14/VII. Был в иностранной комиссии. Употочился на анкетах, в биографии нагло написал: всё в анкете. Пока стерпели. На загранпаспорт. Без галстука. “Не пустят”, — говорит хвотограф. А утром звонил в издательство. Книга еще не в производстве.

В Блуднове взял кусочек хлеба у матери Яшина, положил вчера сухарик из него под икону. И еще одну привез, маленькую, с ладошку — Успение Божией матери.

— За чем очередь? — спросил я, выступая. — За колбасой, а не за книгами. Значит, еще не так всё, как хотелось бы.

В самолете разносил конфеты. В бане парился с классиками Солоухиным, Романовым, Коротаевым. Спор. Надо ли переводить “младших братьев”. Да неохота записывать. Отрывки.

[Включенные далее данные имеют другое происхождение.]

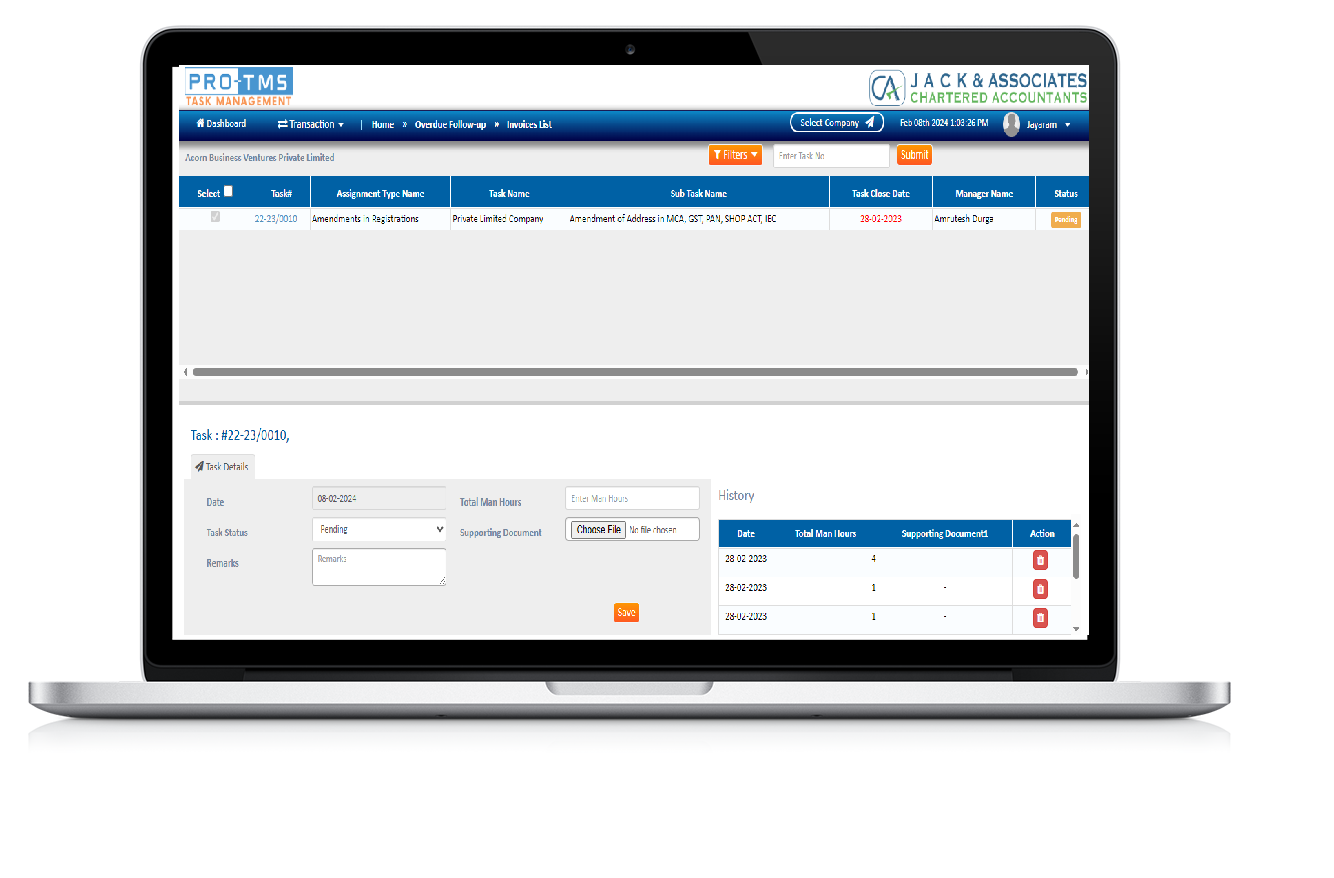 Progress Tracking : Monitor the progress of tasks, view status updates, and track

Белов любим необычайно. Человек хороший необыкновенно. Жена издерганная, их можно понять, жена Романова тоже и т. д.

 

Сплошные суеверия от ожидания. Ощущение грядущего... нет, не буду: боюсь, сбудется.

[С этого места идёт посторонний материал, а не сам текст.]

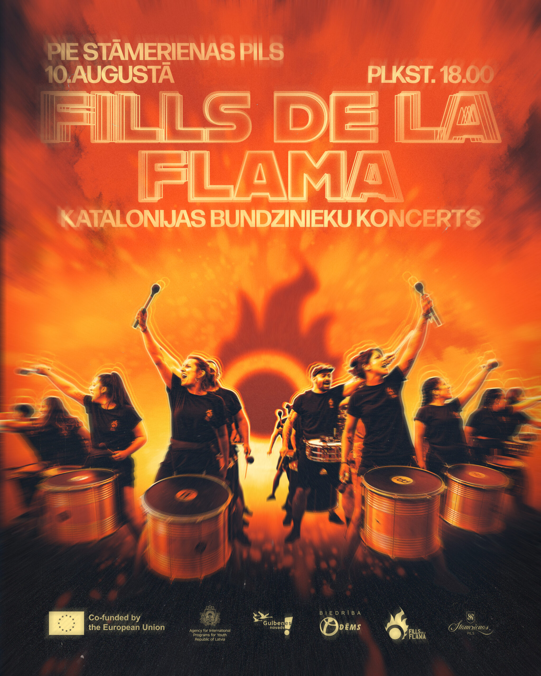 10.augustā 18:00 pie Stāmerienas pils Katalonijas bundzinieku koncerts “Fills De La Flama”.

По TV идиотизм шпионажа. Наверное, специально, чтоб хлопались инфаркт­ники, ребенка распеленывают на холоде и пр. Хлопнется — и хлеб на копейку подешевеет. Еще хлопнется — и мясо, еще — и молоко.

 

Милая Наденька, солнышко мое незакатное, ведь прокрадешься, ведь прочтешь. А знаешь, может быть, когда в чем-то убеждают, значит, лгут. “Слава труду!” Значит, надо в этом убеждать. Люблю тебя.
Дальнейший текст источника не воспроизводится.